Para cuando al país entero lo tomó la epidemia de influenza española, además de la planta de médicos con título universitario, Emilia había ido llevando poco a poco a un tanto igual de curadores sin título, cuya presencia dio al hospital la fama de ser un sitio en el que todo era posible. Convivían ahí enriqueciéndose con el intercambio indiscriminado de sus conocimientos, tres célebres médicos homeópatas, dos autoridades indígenas que se llamaban a sí mismos médicos tradicionales y una partera de oficio más apta para el trance de sacar hijos que el más famoso ginecólogo neoyorquino. Además, enviado por Hogan, cada semestre los visitaba un médico extranjero, dispuesto como nadie al sorprendente intercambio de conocimientos.

Como llamada por la fuerza de un eco, la pequeña Teodora apareció un mediodía en la botica de los Sauri. Cuando Emilia y Zavalza llegaron a la Casa de la Estrella muertos de hambre, por ahí de las cuatro de la tarde, encontraron a Josefa acostada en el suelo, con Teodora subida sobre su espalda apretándole los sitios que desde su caída no encontraban alivio.

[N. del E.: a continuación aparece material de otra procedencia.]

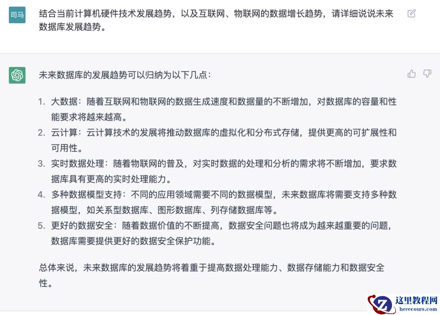 最后测试了一个更开放的问题,让GPT谈谈未来数据库发展趋势,这类问题是人人可以谈,但往往也是普通数据库使用者最欠缺的知识。GPT认为在大数据、云计算、高性能、多模和安全将是未来数据库发展的趋势,这些观点基本与业界认知一致。

Por Emilia, Zavalza sabía de aquella vieja y sus manos de artista, así que no lo sorprendió oír a su mujer nombrarla con la intacta devoción de una alumna y alegrarse, pero nunca sorprenderse con su llegada.

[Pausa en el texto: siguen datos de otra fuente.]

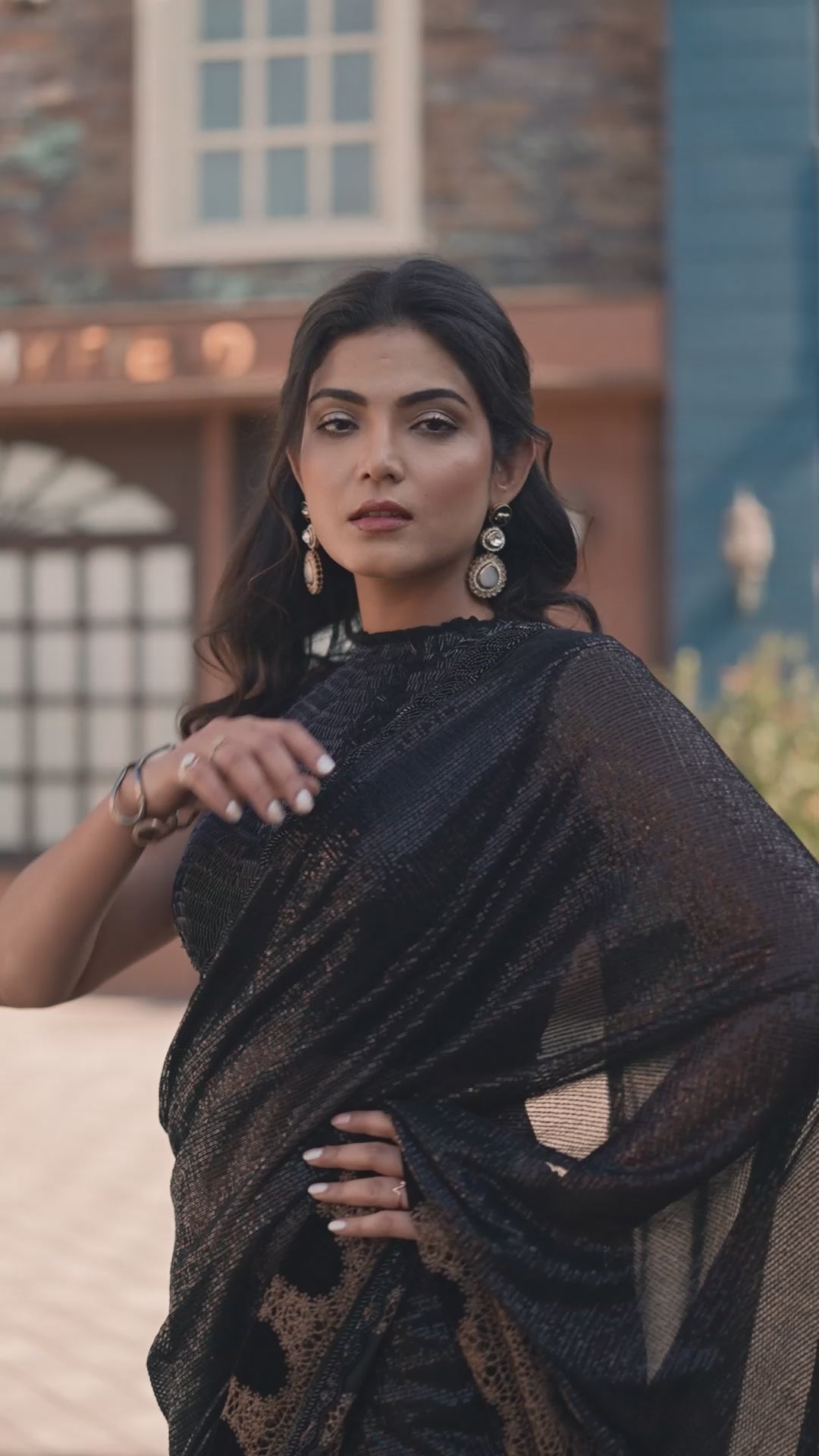 Embrace luxury with the Black Embellished Premium Sequins Velvet Designer Saree, featuring exquisite stone, bead, sequins and aari tari handwork. This stunning saree is paired with a matching Premium Net Silk stitched blouse, offering a perfect fit up to 38 inches with a 42-inch margin for added comfort. The intricate detailing on both the saree and blouse creates a sophisticated, glamorous look. Perfect for weddings, receptions, and special occasions, this saree ensures you stand out with timeless elegance and charm.

Total, para que aquel hospital fuera lo más parecido a un circo de tres pistas, un atardecer anaranjado apareció Refugio con su colección de enigmas bajo el brazo. Al verlo entrar en su despacho, guiado por Diego Sauri, Emilia sintió el recuerdo de unos pájaros en el centro de su estómago y se preguntó mientras lo abrazaba qué sería del marido que le vaticinó como un imposible. Llevaba casi cuatro años sin verlo, y aunque vivía en paz y su corazón estaba mejor cuidado que nunca, Emilia sabía como quien sabe que tiene ojos, sin por eso vivir siempre pensando en ellos, que su cuerpo guardaba inamovible su devoción por el otro hombre de aquella vida. No pensaba de más en esa certidumbre, la guardaba para sí como todo el mundo guarda secretos bajo el alma con que sonríe, pero a veces, se permitía incluso alimentarla, y aunque no hiciera una sola pregunta cuando Milagros resumía sus cartas en ausencia de Zavalza, sabía todo lo que necesitaba saber de él. Que estaba bien y vivo, que seguía escribiendo para varios periódicos y que aún la quería a pesar de la furia con que la había odiado durante todo el primer año que siguió a la separación que él llamaba sin más, su arbitrario abandono.